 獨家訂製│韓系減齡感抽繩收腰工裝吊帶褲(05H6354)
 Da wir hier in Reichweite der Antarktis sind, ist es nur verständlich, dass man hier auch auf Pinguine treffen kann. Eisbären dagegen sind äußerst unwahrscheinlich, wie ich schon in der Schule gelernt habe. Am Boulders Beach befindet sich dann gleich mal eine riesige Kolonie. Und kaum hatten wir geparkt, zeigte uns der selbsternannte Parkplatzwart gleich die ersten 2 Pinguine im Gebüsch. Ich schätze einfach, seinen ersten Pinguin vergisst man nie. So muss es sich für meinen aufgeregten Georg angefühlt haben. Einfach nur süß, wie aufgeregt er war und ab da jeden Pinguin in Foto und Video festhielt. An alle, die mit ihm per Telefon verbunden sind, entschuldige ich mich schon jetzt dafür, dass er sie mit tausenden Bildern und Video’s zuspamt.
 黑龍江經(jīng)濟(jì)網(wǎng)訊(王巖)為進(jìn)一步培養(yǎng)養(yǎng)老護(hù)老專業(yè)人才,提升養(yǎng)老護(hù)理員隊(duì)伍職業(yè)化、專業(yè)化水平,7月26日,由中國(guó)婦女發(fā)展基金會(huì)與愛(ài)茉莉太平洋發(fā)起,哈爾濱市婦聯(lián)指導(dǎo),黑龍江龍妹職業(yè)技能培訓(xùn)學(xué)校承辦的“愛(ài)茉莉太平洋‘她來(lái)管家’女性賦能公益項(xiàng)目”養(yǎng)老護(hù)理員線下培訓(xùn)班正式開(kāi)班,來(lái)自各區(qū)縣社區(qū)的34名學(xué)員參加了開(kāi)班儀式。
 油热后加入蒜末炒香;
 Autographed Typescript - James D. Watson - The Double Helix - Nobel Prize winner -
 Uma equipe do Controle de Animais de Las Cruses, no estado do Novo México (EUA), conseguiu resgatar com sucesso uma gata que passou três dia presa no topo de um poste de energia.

--

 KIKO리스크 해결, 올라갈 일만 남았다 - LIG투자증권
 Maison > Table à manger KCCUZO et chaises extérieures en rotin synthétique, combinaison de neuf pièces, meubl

▶ _Work to complete_
Go through the material above and output exactly the lines from the one containing "Autographed Typescript - James" through the one containing "Uma equipe do".

▶ _Answer space_
 Autographed Typescript - James D. Watson - The Double Helix - Nobel Prize winner -
 Uma equipe do Controle de Animais de Las Cruses, no estado do Novo México (EUA), conseguiu resgatar com sucesso uma gata que passou três dia presa no topo de um poste de energia.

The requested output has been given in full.